#### [Description of the task]
Below are some records. Write out exactly their lines from the one with "Плиссированная шляпа-цилиндр в" through the one with "The welcome Wood Cutout is", and leave the pictures behind.

Records from a data collection
------------------------------------------------------------

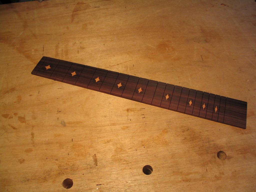 fretboard is generally made of quartersawn rosewood or ebony, and has a
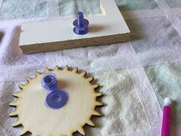 Tome su otro engranaje y perfore un agujero en él según perno de cualquier tamaño que usted va a utilizar. Conjunto para arriba así que una vez que tengas tu equipo parece el cuadro.
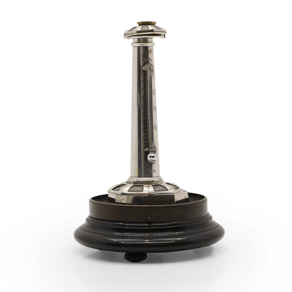 Sold(lot of 3) Georg Jensen Denmark silver-plated desk(lot of 3) Georg Jensen Denmark silver-plated desk accessories, including a clock, thermometer and barometer, 4.5"w. Provenance: Property from the estate of Thomas J. Perkins, San Francisco, and BelveSee Sold Price
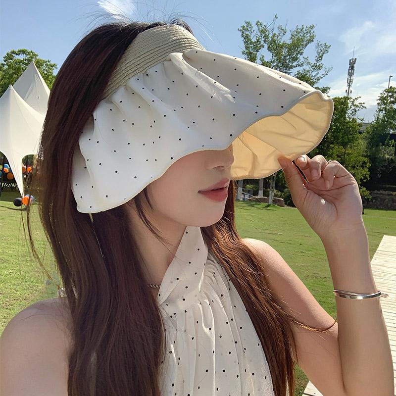 Плиссированная шляпа-цилиндр в горошек женская летняя с широкими полями, защищающая от ультрафиолета, солнцезащитная шляпа, уличная маска для лица, солнцезащитная шляпа
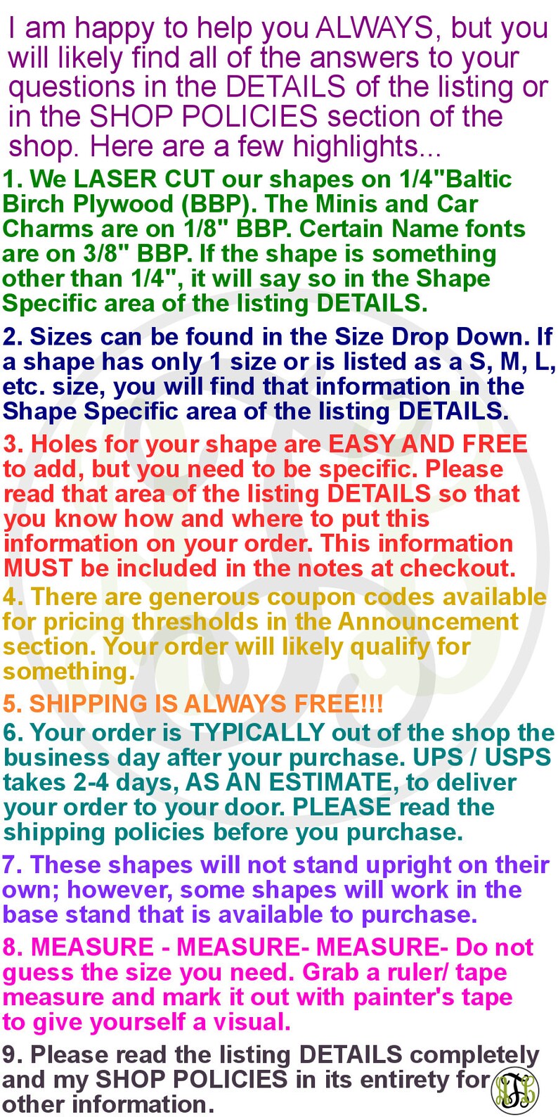 The welcome Wood Cutout is a great addition to your seasonal or year-round décor. It measures 9 wide by 275 tall has a thickness of 18 and is cut from premium quality Baltic. We custom cut the welcome wood cutout when you order it so let us know if there is something different that you are looking for.
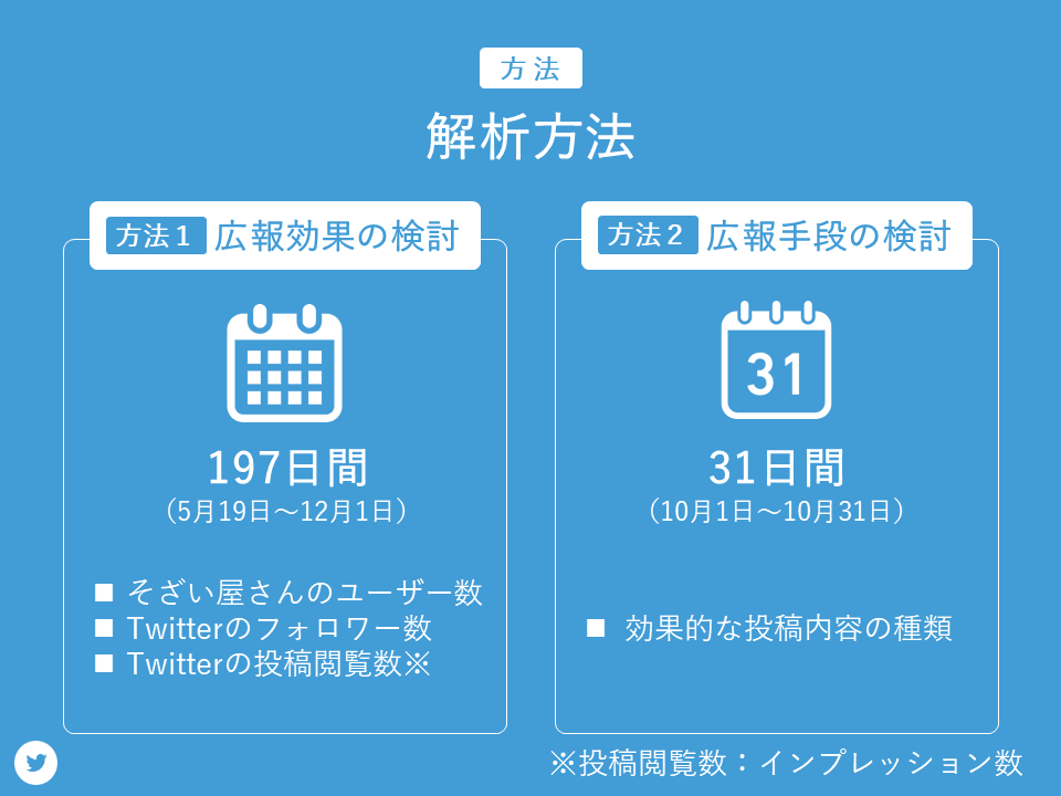 具体的な解析方法についてです。まず、1つ目の広報効果の検討では、全期間である197日間のそざい屋さんのユーザー数、Twitterのフォロワー数、投稿閲覧数を解析しました。2つ目の広報手段の検討では、期間を10月1日からの31日間とし、広報効果に効果的な投稿内容を検討しました。そのためのカテゴリーについて説明します。

------------------------------------------------------------

#### [Output below]
 Плиссированная шляпа-цилиндр в горошек женская летняя с широкими полями, защищающая от ультрафиолета, солнцезащитная шляпа, уличная маска для лица, солнцезащитная шляпа
 The welcome Wood Cutout is a great addition to your seasonal or year-round décor. It measures 9 wide by 275 tall has a thickness of 18 and is cut from premium quality Baltic. We custom cut the welcome wood cutout when you order it so let us know if there is something different that you are looking for.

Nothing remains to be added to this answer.